Cancer is commonly linked to both chemical-induced tumor development—exposure to environmental pollutants which are typically metabolized in the body, and can change their ability to be carcinogenic—and the composition of the microbiome. But the link between these two is not well understood.

Now, a collaboration that started from a chance meeting at a conference, has uncovered how gut bacteria affect the way mice respond to a carcinogen. A new paper shows that gut bacteria can metabolize carcinogens and cause them to accumulate in distant organs, leading to tumor development. The depletion of the gut microbiota, they wrote, “affects the toxicokinetics of nitrosamines, which markedly reduces the development and severity of nitrosamine-induced urinary bladder cancer in mice.”

This work is published in Nature in the paper, “Gut microbiota carcinogen metabolism causes distal tissue tumours.

Researchers have previously shown that if mice are exposed to N-butyl-N-(4-hydroxybutyl) nitrosamine (BBN) (one of the chemicals found in tobacco smoke) they reliably develop an aggressive form of bladder cancer. This method is used as a common laboratory model of carcinogen-induced cancer.

The lab of Janoš Terzić, PhD, from the University of Split in Croatia, found that when mice were fed antibiotics at a dose that kills 99.9% of their gut bacteria, at the same time as they were exposed to BBN, the chances of them forming tumors were much lower.

The team uncovered that bacteria living in the mouse gut could convert BBN into N-butyl-N-(3-carboxypropyl) nitrosamine (BCPN). And, unlike BBN, BCPN concentrates in the urinary bladder and triggers tumor formation in a microbiome-dependent manner.

“While 90% of mice exposed to BBN went on to develop bladder tumors, only 10% of those that also received antibiotics did so. This led us to hypothesize that the gut bacteria might be involved in regulating the way BBN is processed in the body,” said Blanka Roje, PhD student at the University of Split School of Medicine.

“The decrease in tumor incidence was so dramatic that at first I doubted the results, thinking we must have made a mistake somewhere in the experiment,” Terzić said. “Consequently, we repeated the experiment five times before we finally became ‘believers.’ It was fantastic to realize that with a treatment—in this case, antibiotics—we were able to abolish cancer development.”

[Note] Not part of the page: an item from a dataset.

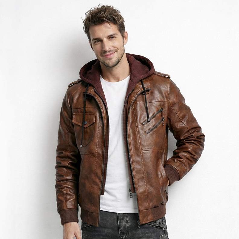 Découvrez notre veste de moto en cuir zippée sur le devant avec capuche : Si vous aimez les vestes en cuir, vous allez particulièrement adorer cette veste de moto classique en cuir zippée sur le devant ! C'est élégant, magnifique et extrêmement confortable.

The team then causally linked the carcinogen biotransformation to specific bacteria using bacterial culture collections and gnotobiotic mouse models. The researchers analyzed over 500 bacteria to identify the specific bacterial species involved in converting BBN to BCPN. “We found 12 species that can carry out this carcinogen biotransformation,” said Boyao Zhang, former PhD student in the lab of Michael Zimmermann, PhD, a group leader at EMBL Heidelberg. “We sequenced them and were surprised to find that many of those species were skin-associated and found at relatively low abundance in the gut. We speculated that there might be some transient transfer of such bacteria from the skin to the gut as a consequence of the animals’ grooming. But it was important to figure out whether these findings would also be true for humans.”

Human fecal samples showed that human gut bacteria can also convert BBN to BCPN. As a proof of concept, they showed that if human stool was transplanted into the intestine of a mouse, they could also convert BBN to BCPN.

However, the researchers also observed large individual differences in the ability of the human gut microbiome to metabolize BBN, as well as in the bacterial species involved in the biotransformation. “We think this lays the foundation for further research to see whether a person’s gut microbiome represents a predisposition for chemically induced carcinogenesis and could hence be used to predict the individual risk and potentially prevent cancer development,” said Zimmermann.

“This difference in interindividual microbiota could explain why some people, despite being exposed to potential carcinogens, do not develop cancers while others do,” Terzić added.